Its main mirror is 8.4 meters across. Just for comparison, ESO’s Very Large Telescopes are 8.2 metres across. The Gemini Observatories are 8.1 metres across. The Keck Observatory is 10 metres wide. What I’m saying here, is that the LSST is plenty big.

But that’s not its most important feature. LSST is fast. When I say fast, I’m saying this in the astronomical sense, which means that it can gather a lot of light over a wide area on the sky in a very short amount of time. While Keck, for example, can focus incredibly deeply at a tiny spot in the sky, LSST gulps light across a huge region of the sky.

It’ll be able to see 3.5-degrees of the sky, every time it takes a picture. The Sun and the Moon are about 0.5-degrees across in the sky, so imagine a grid 7 moons across and 7 moons high.

Suzanne Jacoby with the LSST focal plane array scale model. The image of the moon (30 arcminutes) is placed there for scale of the Field of View. Credit: Large Synoptic Survey Telescope (CC-SA 4.0)
Suzanne Jacoby with the LSST focal plane array scale model. The image of the moon (30 arcminutes) is placed there for scale of the Field of View. Credit: Large Synoptic Survey Telescope (CC-SA 4.0)

It’ll take a 15-second exposure every 20 seconds. In the amount of time you’ll spend watching this video, the LSST could have taken dozens of high resolution images of the sky.

In fact, it’ll completely image the available sky every few nights. And then petabytes of data will be released onto the internet, available for astronomers to pore over.

Want to find asteroids, just look through the LSST records. Want to know how fast the Universe is expanding, dig through the data. LSST is going to look everywhere and anywhere every couple of nights, and then provide this data to scientists to make discoveries.

Assuming the construction isn’t delayed, the Large Synoptic Survey Telescope should see first light in 2019. Shortly after that, it’ll be disgorging mountains of astronomical data onto the internet.

And shortly after that, I suspect, we’ll start to hear everything the Universe was doing when we weren’t watching before. Because now, thanks to LSST, we’ll be watching all the time.

3 Replies to “What Does the Universe Do When We’re Not Looking?”

  1. Confusion between Mira and Cepheid variables in paragraph 1. The Cepheids are the basis of the extragalactic distance scale based on their period-luminosity relationship, as discovered by Henrietta Leavitt in 1912.

    1. Concur w/timk: Mira variables are stars in the late stages of stellar life, but Cepheid variables are what Edwin Hubble used.
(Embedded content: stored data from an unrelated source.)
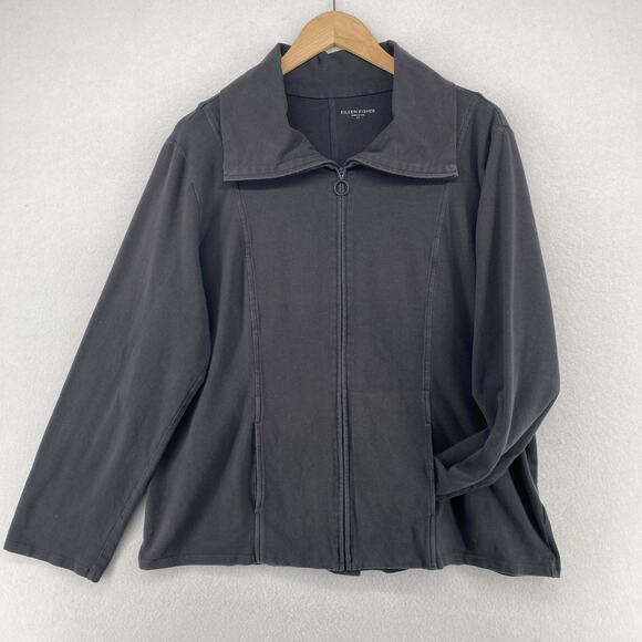 EILEEN FISHER Jacket XL Cotton Stretch Jersey Track Full Zip Sweatshirt Gray USA
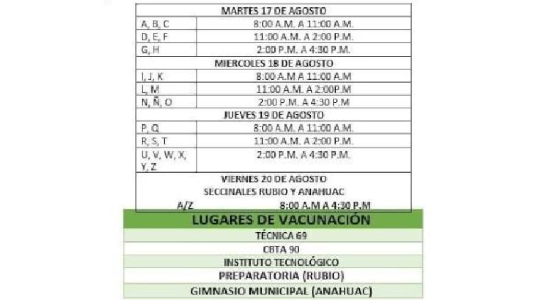 El próximo martes 17 de agosto iniciará la jornada de vacunación para la aplicación de la segunda dosis contra el COVID-19 a personas de 30 a 39 años en la ciudad de Cuauhtémoc, Chihuahua.
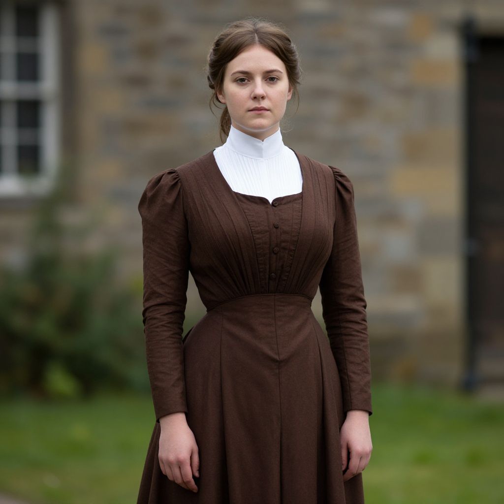 "Victorian Dress Historically Accurate, woman in a brown dress and white collared neck"
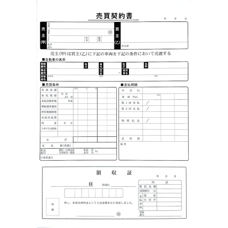 D-14N Sales Contract (For Purchase) 3 Pack Purchase Documents (For Car Sales/Documents/Slips)
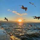 手指在空中画圈,飞机也随着画圈在空中盘旋转圈飞,海浪拍打着石头,衣裙飘飘,3秒后美女也飞上天空飞到飞机上,然后向前飞行

Mira variables are not consistent in their brightness curves, while Cepheids are remarkably so which is what allows them to be used as standard candles for all distances where we can resolve them individually.

  2. New toyyyys!

    I, for one, am looking forward to being able to wallpaper the rumpus room with an LSST deep-field view where the Full Moon would be half a meter across. Of course I would then add a glow-in-the-dark decal of said Moon at said resolution, and instantly become the coolest dad my kids have ever known.